<<<<
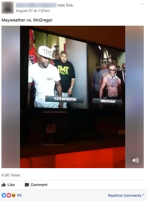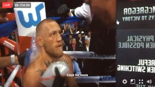 Ein Screenshot eines illegalen Facebook-Live-Streams des Mayweather-McGregor-Kampfes mit 234.000 Zuschauern (Quelle: Irdeto / Forbes)
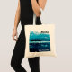 A stylised, blue monotone image of cold polar sea.. Ice hugs the coastal mountains. Customisable text reading, Alaska" also appears. Add your own additional text.
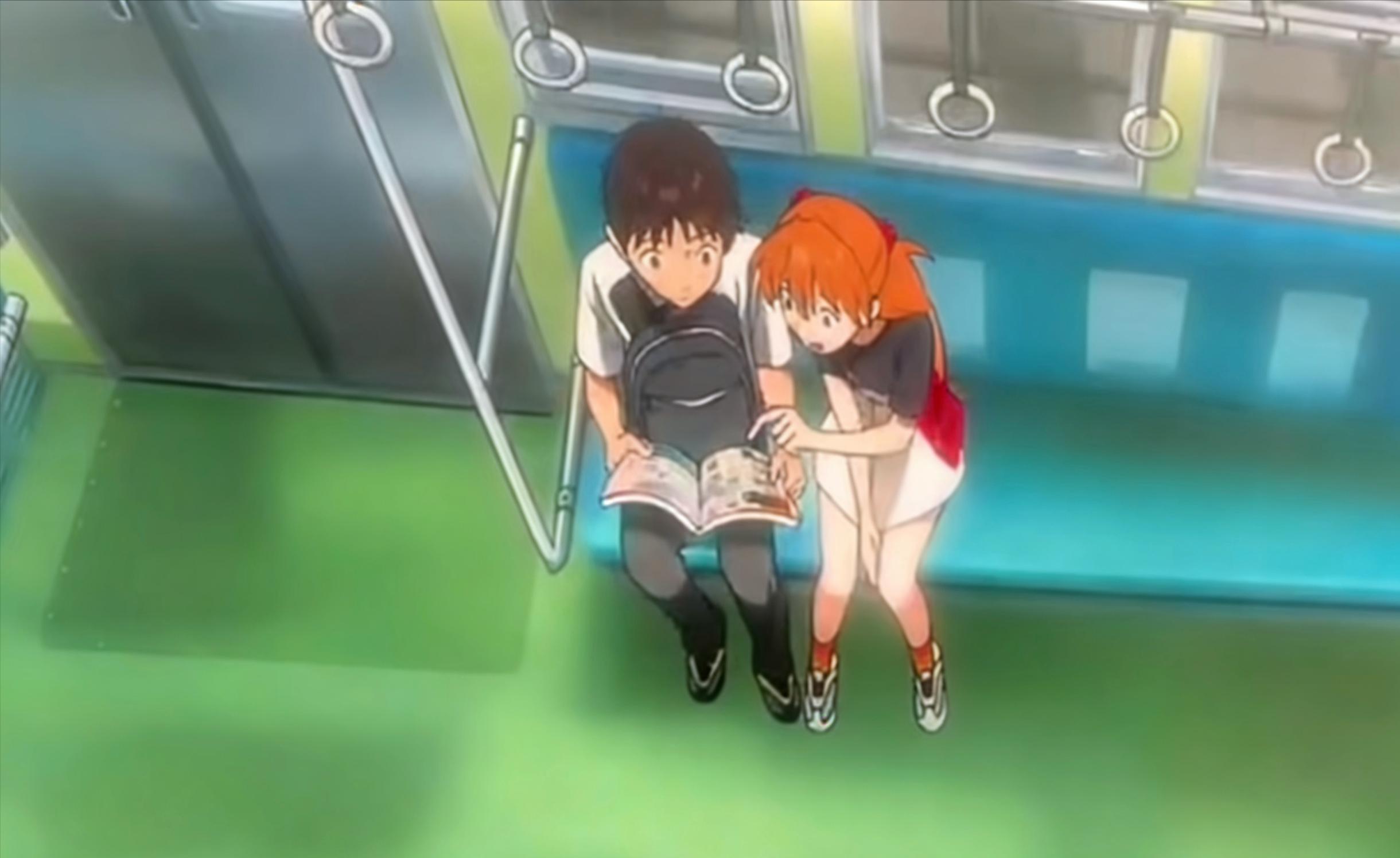 第四次,明日香入梦,总算有点观众们想看的内容了,在这个世界,明日香和真嗣两人乘坐电车,来到第三东京市旅游。
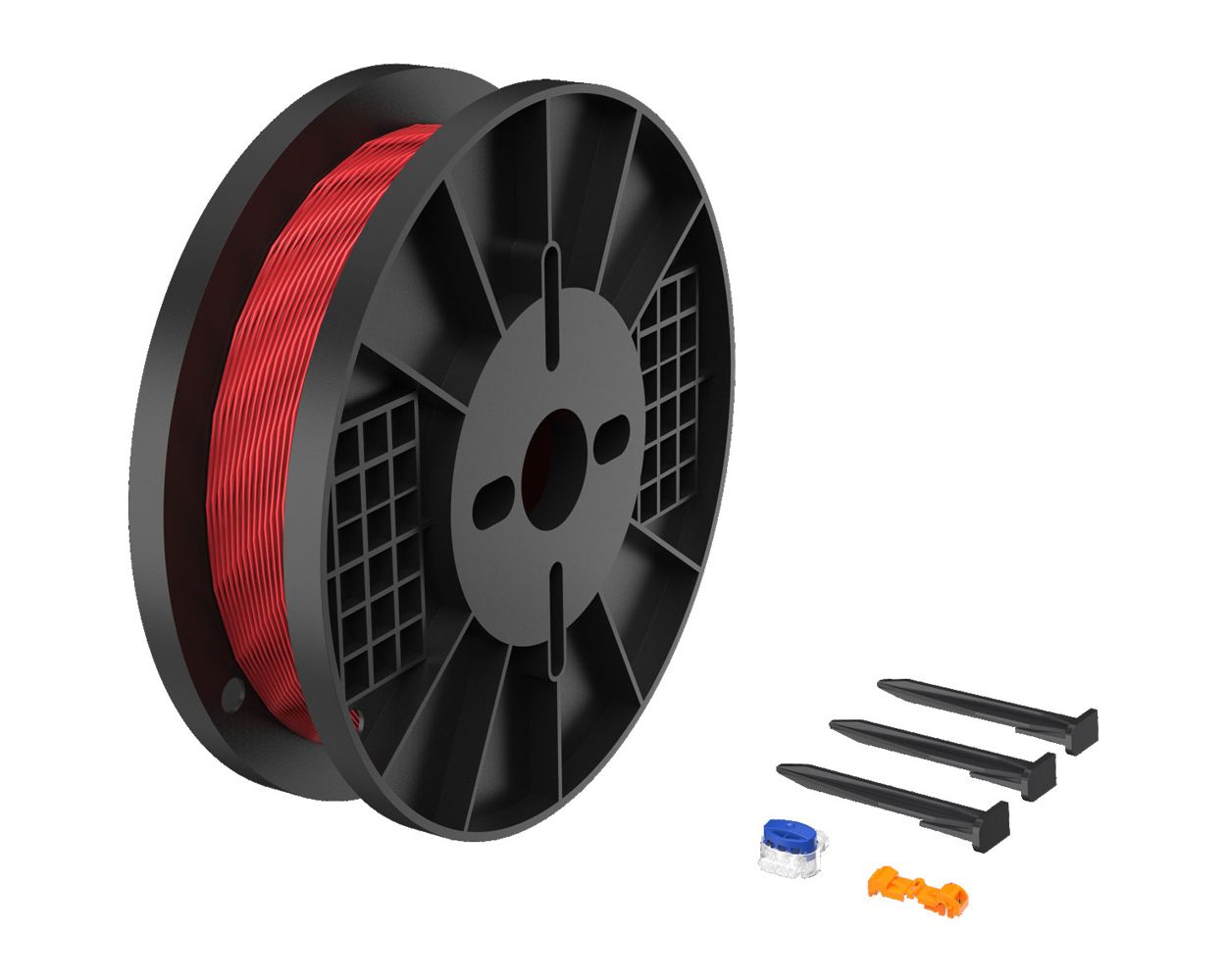 Small installation kit with 150 metre 3.4mm boundary wire for robotic lawn mowers. Includes 300 stakes, 3 connectors and 2 couplers.
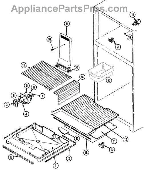 This refrigerator ice bucket stores ice made by the icemaker and positions it for dispensing. Replacing a cracked or warped bin restores smooth ice flow and helps prevent jams, spills, and mess inside the freezer.
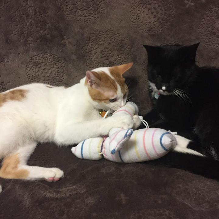 にゃんずが独り遊びしてもそこまで危なくないおもちゃを考えるこの頃です。
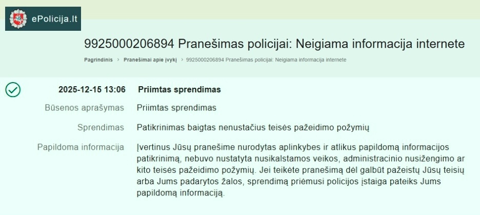 „Atlikus papildomą informacijos patikrinimą, nebuvo nustatyta nusikalstamos veikos, administracinio nusižengimo ar kito teisės pažeidimo požymių“, – anonimiškai informavo policija.
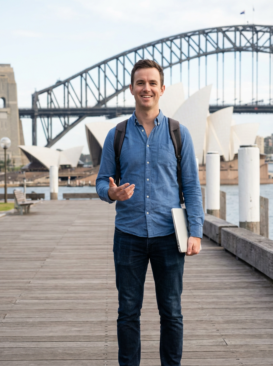 model as digital nomad in Sydney with the Sydney Opera House in the background, with backpack
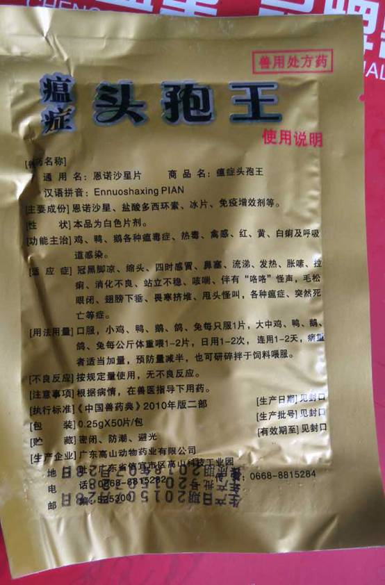 一、近期在湖南地區出現的“瘟癥頭孢王(恩諾沙星片)”是非本公司生產的假冒偽劣、假冒高山牌的產品,本公司并沒有生產瘟癥頭孢王(恩諾沙星片),歡迎來電咨詢。公司電話:0668-8810618。
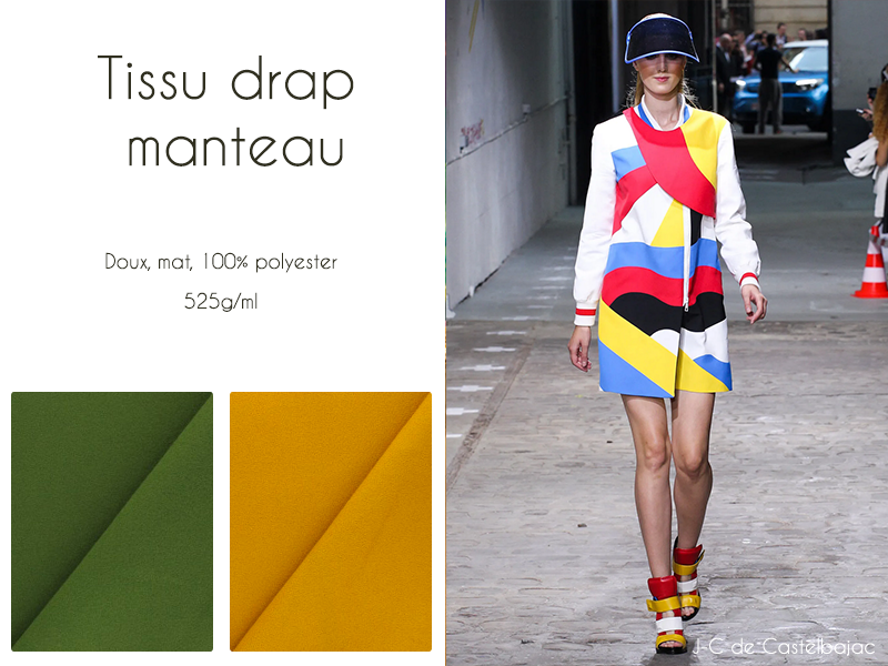 Enfin, le tissu drap manteau. On ne le présente plus, c’est le grand classique de l’hiver, il tient chaud et est disponible dans toutes les nuances que vous souhaitez. Mais cette année, exit le manteau uni, on patche on patche ! On mélange les couleurs que l’on aime et on créé des motifs, ou un jeu de carreaux pour un résultat unique !
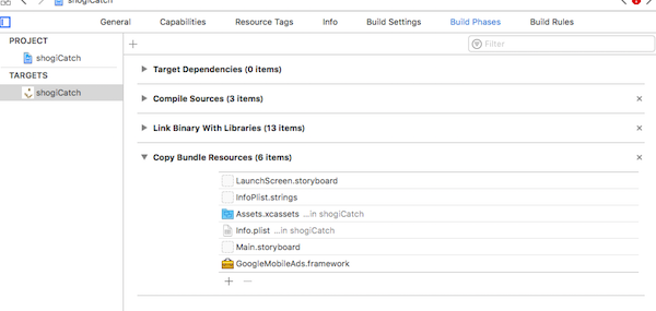 GoogleMobileAds.frameworkについても同様に「Link Binary With Libraries」にドラッグ&ドロップすると、なんとなくうまくいったような気がするのですが、そうすると「ViewController.swift」の「var bannerView: GADBannerView = GADBannerView()」のところで「No such module 'GoogleMobileAds'」というエラーが表示されてbuild failedになるんですよね。
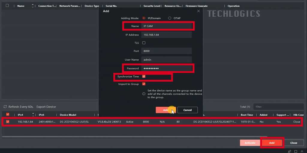 - Add the Camera: If you haven’t added the camera to the software yet, click on the “Device Management” option, and add the camera by entering the camera’s IP address and login credentials.
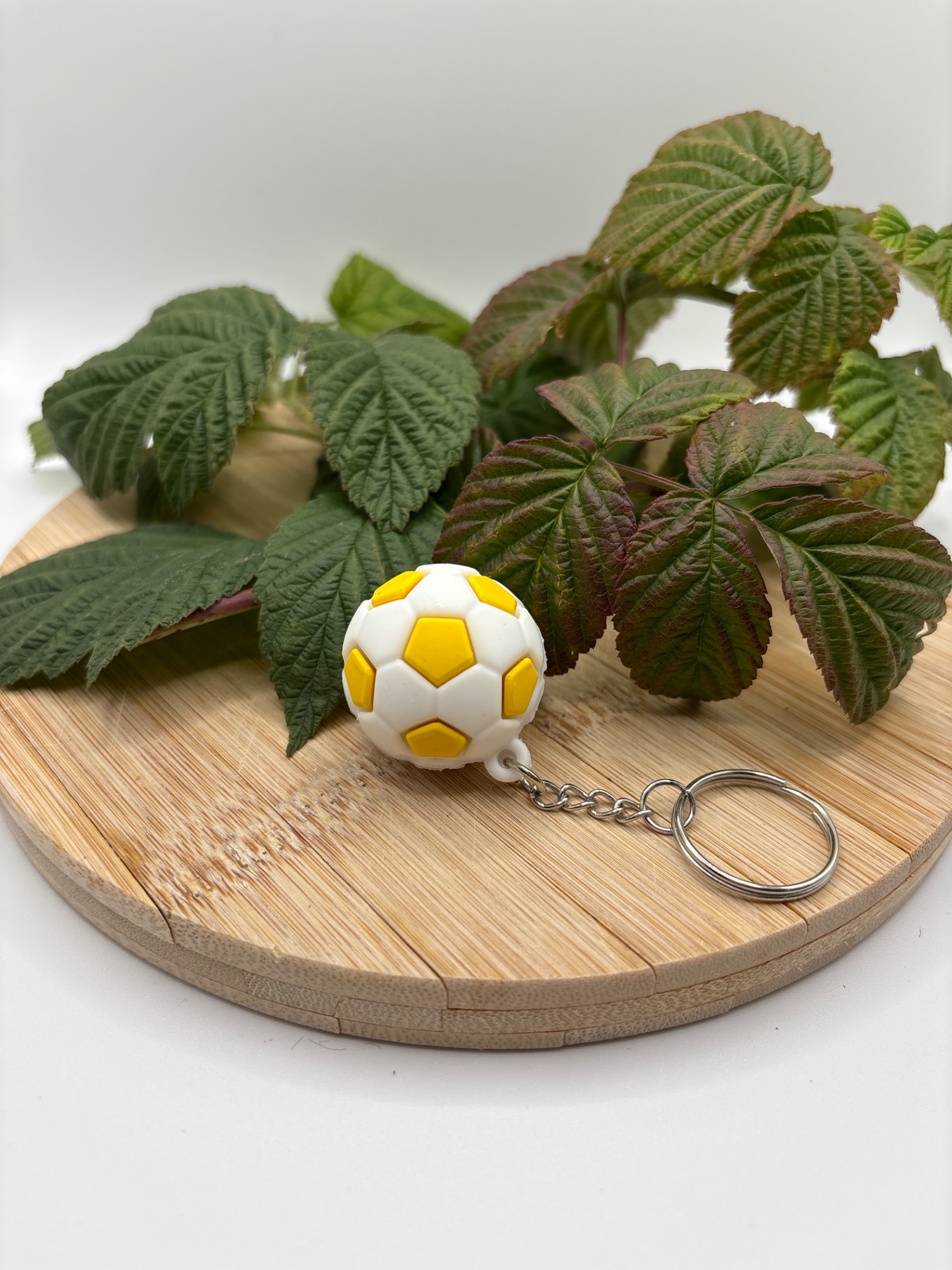 Klíčenka s motivem fotbalového míče, žluto-bílá.
>>>>
Task goal: Leave the pictures aside and give every entry above again word for word.

Solution for this task:
 Ein Screenshot eines illegalen Facebook-Live-Streams des Mayweather-McGregor-Kampfes mit 234.000 Zuschauern (Quelle: Irdeto / Forbes)
 A stylised, blue monotone image of cold polar sea.. Ice hugs the coastal mountains. Customisable text reading, Alaska" also appears. Add your own additional text.
 第四次,明日香入梦,总算有点观众们想看的内容了,在这个世界,明日香和真嗣两人乘坐电车,来到第三东京市旅游。
 Small installation kit with 150 metre 3.4mm boundary wire for robotic lawn mowers. Includes 300 stakes, 3 connectors and 2 couplers.
 This refrigerator ice bucket stores ice made by the icemaker and positions it for dispensing. Replacing a cracked or warped bin restores smooth ice flow and helps prevent jams, spills, and mess inside the freezer.
 にゃんずが独り遊びしてもそこまで危なくないおもちゃを考えるこの頃です。
 „Atlikus papildomą informacijos patikrinimą, nebuvo nustatyta nusikalstamos veikos, administracinio nusižengimo ar kito teisės pažeidimo požymių“, – anonimiškai informavo policija.
 model as digital nomad in Sydney with the Sydney Opera House in the background, with backpack
 一、近期在湖南地區出現的“瘟癥頭孢王(恩諾沙星片)”是非本公司生產的假冒偽劣、假冒高山牌的產品,本公司并沒有生產瘟癥頭孢王(恩諾沙星片),歡迎來電咨詢。公司電話:0668-8810618。
 Enfin, le tissu drap manteau. On ne le présente plus, c’est le grand classique de l’hiver, il tient chaud et est disponible dans toutes les nuances que vous souhaitez. Mais cette année, exit le manteau uni, on patche on patche ! On mélange les couleurs que l’on aime et on créé des motifs, ou un jeu de carreaux pour un résultat unique !
 GoogleMobileAds.frameworkについても同様に「Link Binary With Libraries」にドラッグ&ドロップすると、なんとなくうまくいったような気がするのですが、そうすると「ViewController.swift」の「var bannerView: GADBannerView = GADBannerView()」のところで「No such module 'GoogleMobileAds'」というエラーが表示されてbuild failedになるんですよね。
 - Add the Camera: If you haven’t added the camera to the software yet, click on the “Device Management” option, and add the camera by entering the camera’s IP address and login credentials.
 Klíčenka s motivem fotbalového míče, žluto-bílá.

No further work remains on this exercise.